Consumer privacy issues fall into two categories: commercial and government, Davidson notes. Commercial privacy centers on how carriers and service providers use your information about your whereabouts, and how they alert you of their use.
"Consumers need to be notified when and what location information is collected," Davidson says. Like other consumer advocates, CDT recommends people get the opportunity to opt out of such tracking. "I strongly recommend service providers get consent first," he says.
Sprint PCS agrees, says Averkamp.
"Consumers must have the choice and have access to the personal data that will be used for location services," Averkamp says.
Also, Davidson contends the law needs to change in regard to government access to such information.
"If a carrier collects information, somebody will want to use it for litigation or an investigation," he says. "While the Fourth Amendment protects individuals, the rules are very different for third-party companies that collect information."
"The law does very little to protect privacy here," he adds. "We need to raise the bar so that you're not forced to turn over information anytime someone asks for it."
Hands-free car safety addressed
One place location services will surface is the car. The growing field of telematics--telecommunications and computing in the car--includes in-car computers as well as wireless phones and PDAs used in cars. Telematics will bring safety, information, and communication as well as entertainment to the car, says John Slosar, director of telematics and multimedia systems at Visteon.
Initial location services like On Star and Televigation's Navigation service provide directions as you drive. Other, emerging car services include location-tracking when your airbag is deployed (presumably during a collision), or remote unlocking of doors, industry representatives say.

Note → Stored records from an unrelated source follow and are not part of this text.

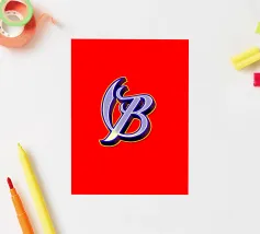 Lettera B in calligrafia colorata e antica.
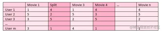 下表显示了 m 个用户对 n 部电影的评分。我们想向看过并喜欢《斯普利特》的用户推荐一部与《斯普利特》收视率相似的电影。
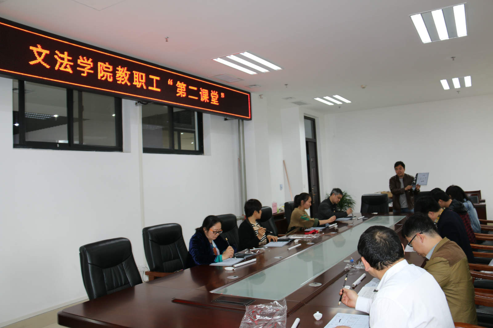 4月24日周二下午的院会议室,老师们安静的听着古琴,运笔习字,从一笔一划开始,调息静气,对着颜真卿字帖,练习书法,旁边有专业的中文系书法老师指导,这是绿帽小说 教职工“第二课堂”。
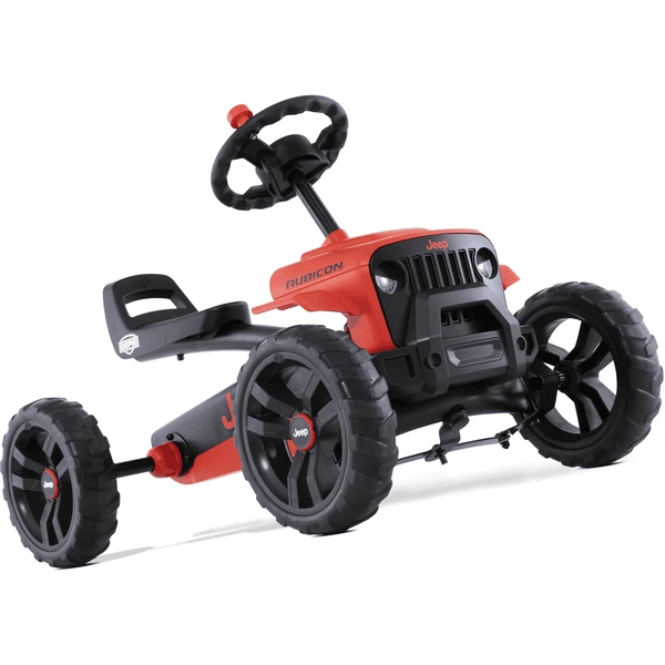 De Jeep Buzzy Rubicon is elk terrein de baas. Met zijn off-road banden, stuur met draaiknop, coole motorkap met gril en markante koplampen lijkt de skelter net op een echte Jeep.
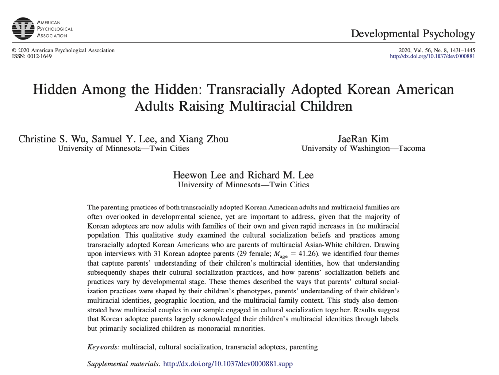 Zhou, X., Kim, J., Lee, H., & Lee, R. M. (2021). Korean adoptees as parents: Intergenerationality of ethnic, racial, and adoption socialization. Family Relations, 70(2), 637-652. DOI.org/10.1111/fare.12439
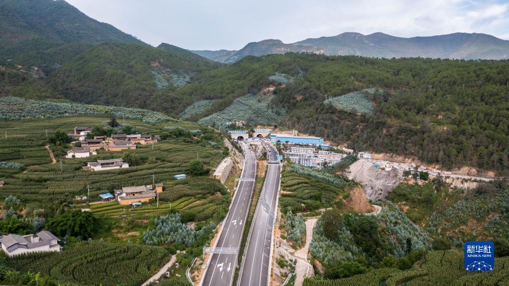 8月19日拍摄的华丽高速营盘山隧道洞口一景(无人机照片)。
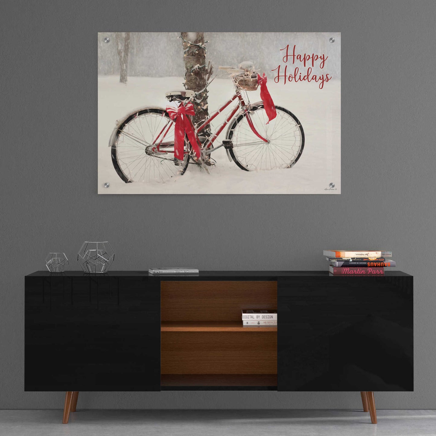 Epic Art 'Happy Holidays Snowy Bike' by Lori Deiter, Acrylic Glass Wall Art
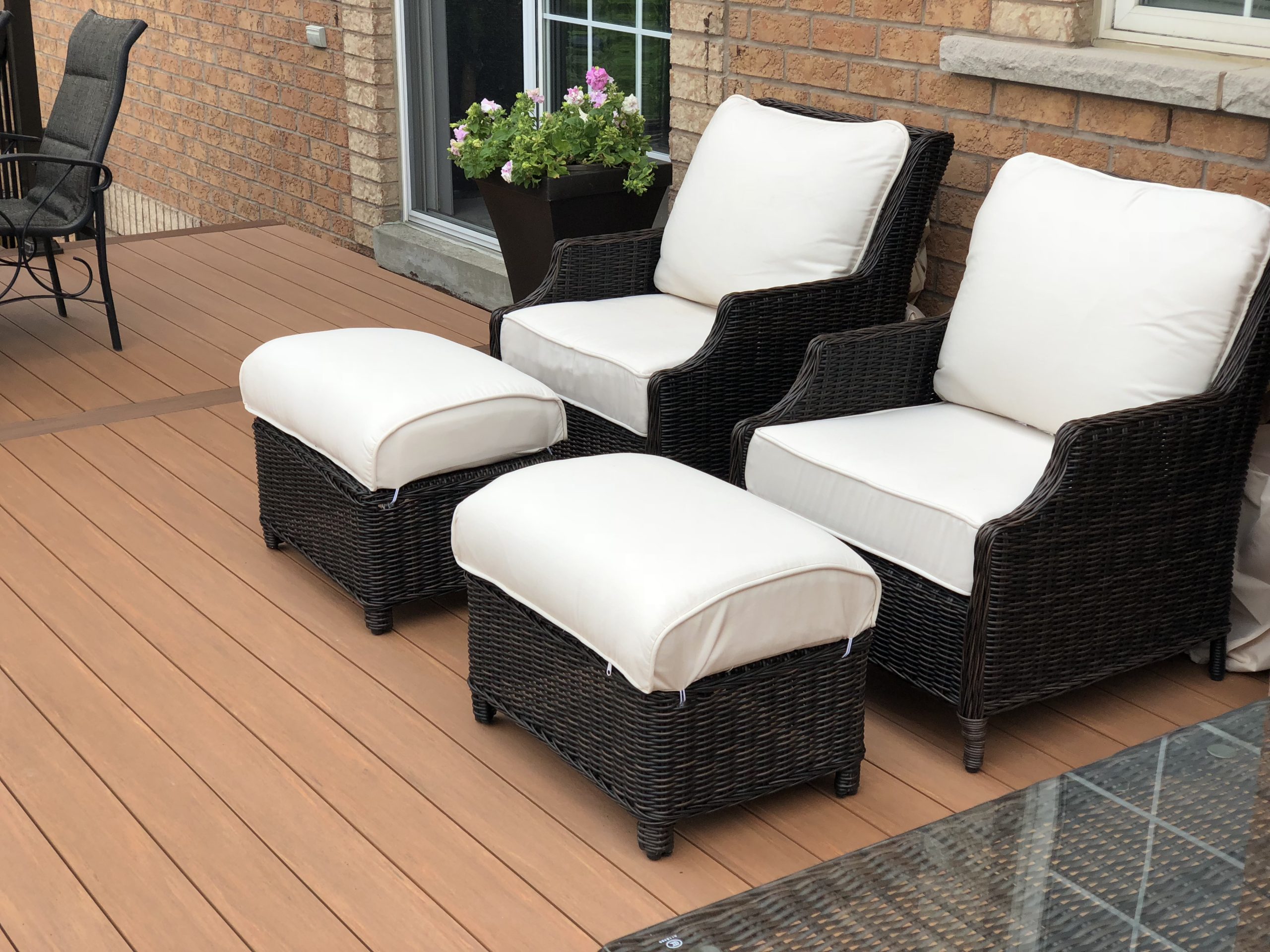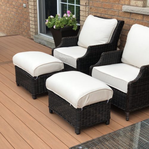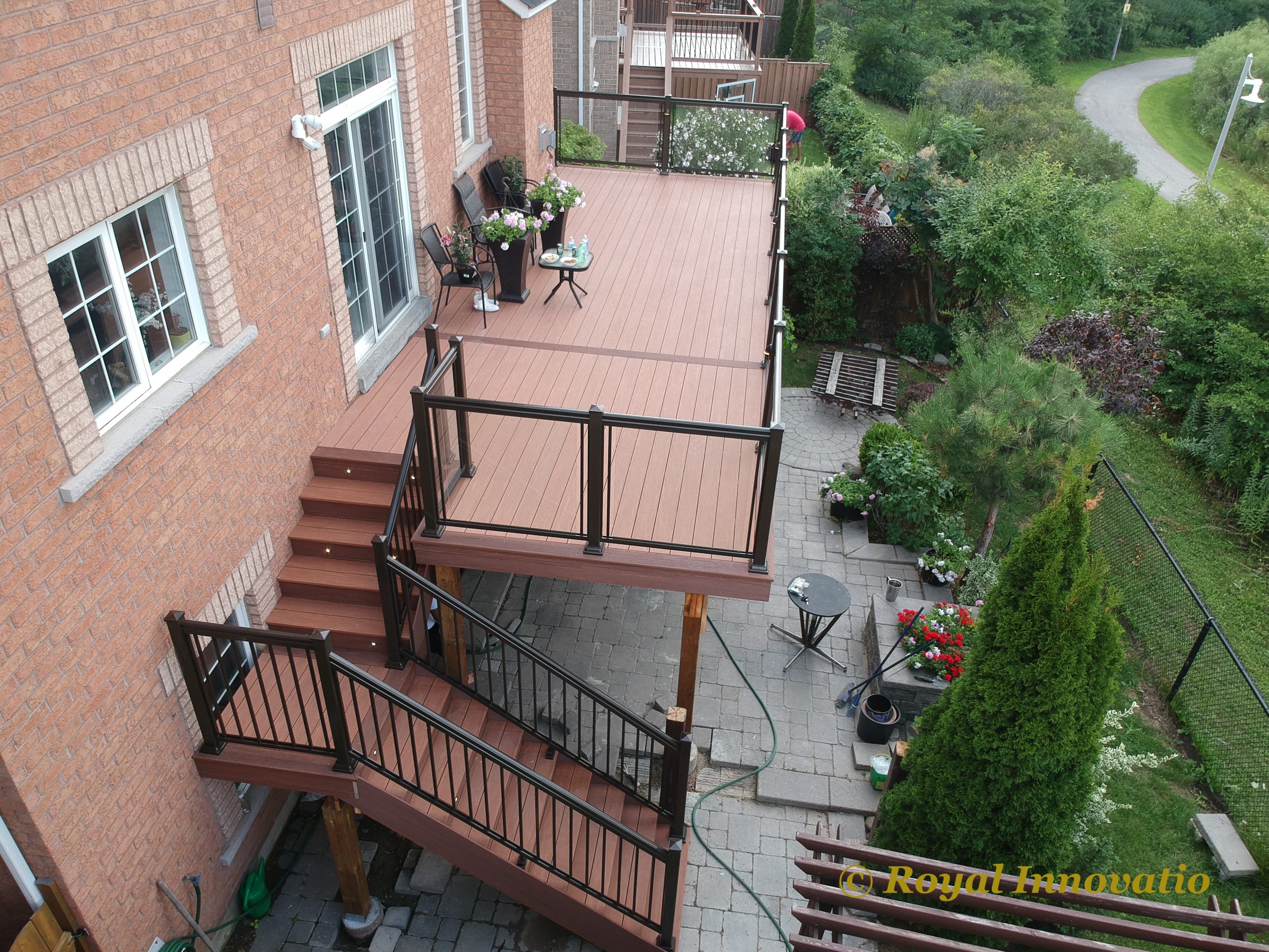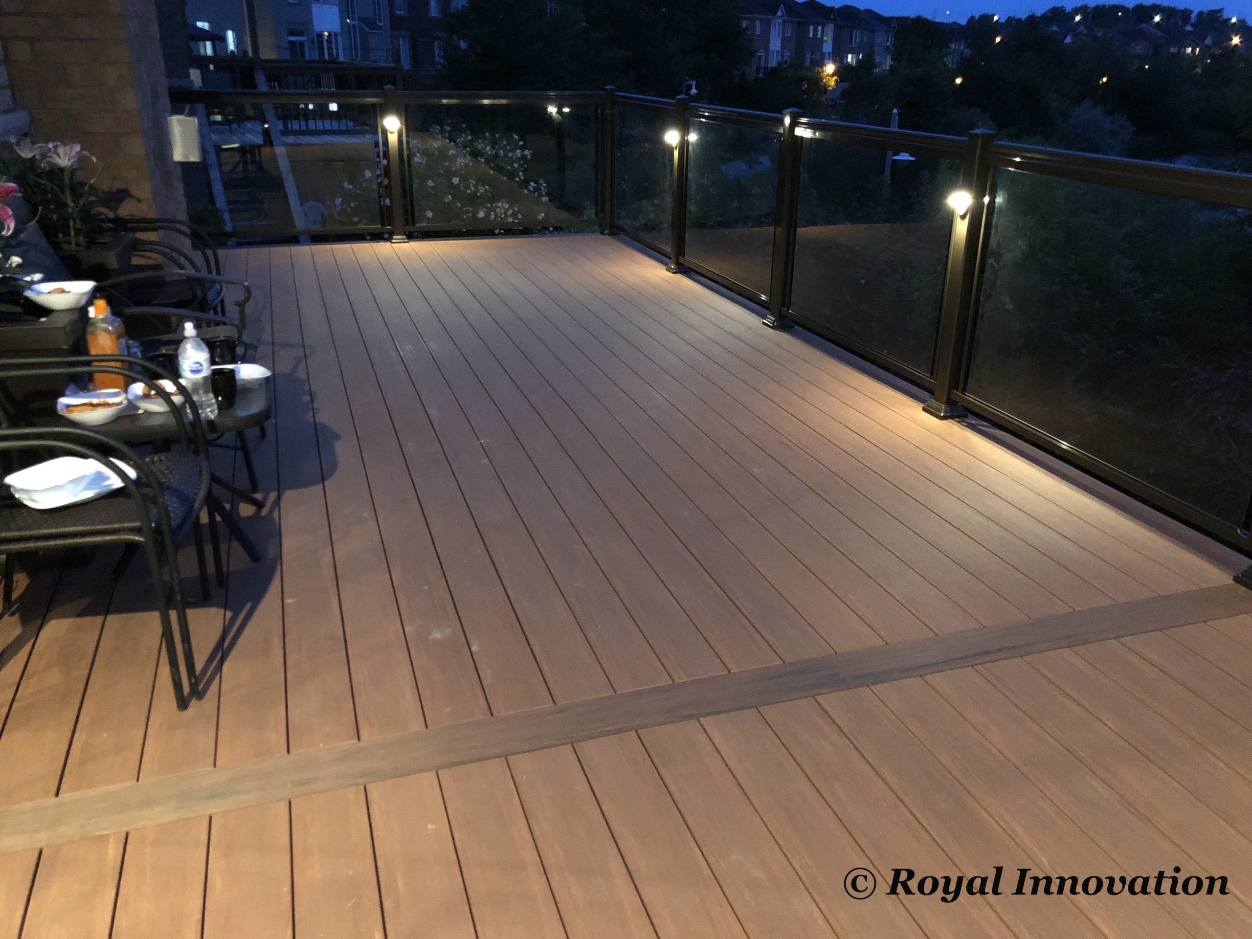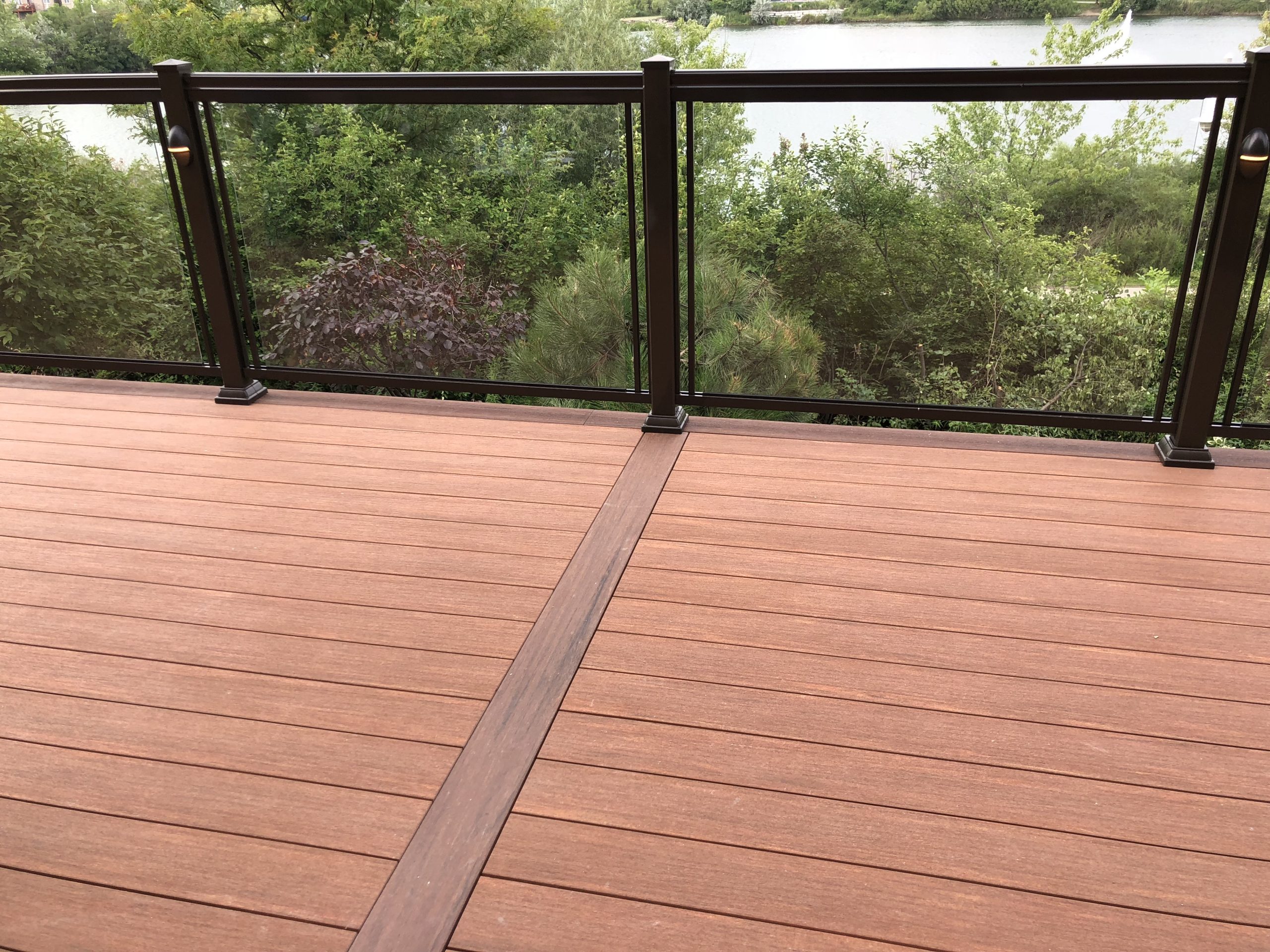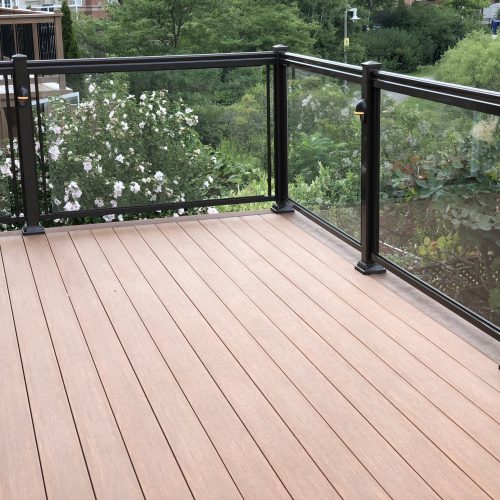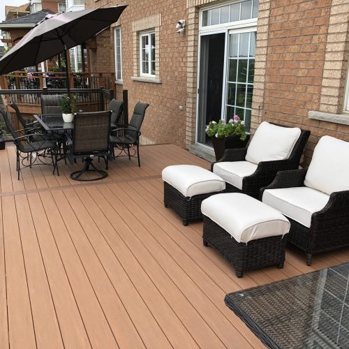 This elevated PVC deck in Richmond Hill was designed to take full advantage of the property’s natural pond view, creating a premium outdoor living space with unbeatable durability and zero maintenance. Built using high-performance PVC decking and a bronze aluminum–glass railing system, the deck offers long-term weather resistance, superior stability, and a sleek, modern aesthetic.

But tracking your every move isn't necessarily ideal, especially if the data is used for some other purpose or released to a third party. Televigation's answer is to destroy the records before they're requested.
"We keep your location data for only one day, in case it can be used to help you," says HP Lin, president and chief executive officer of Televigation. "But then we destroy it."
Driver distraction is another key concern facing telematics and location service providers. Already, 37 states are considering allowing only hands-free mobile phone use in cars, says Andy Rimkus, vice president of marketing at Airbiquity.
"Driver distraction can be managed with hands-free phones and voice recognition, or touchscreens versus keyboards," Visteon's Slosar says. "Driving is the primary task in the automobile."
Digital privacy issues are already being scrutinized in several forums, including collecting user information and software and site use policies. Politicians and the government have become very interested in wireless location services.
To avoid extensive regulations, service providers and location technology vendors will need to ensure they will protect privacy, L-Commerce attendees acknowledge.
CDT's Davidson recommends location services collect only information that is essential to a service, and that anonymity options be offered whenever possible.
Of course, in the case of credit card tracking, consumers only felt comfortable when there were heavy regulations on who could do anything with that information, he says. "Regulations could help give way to consumer confidence in location services, too."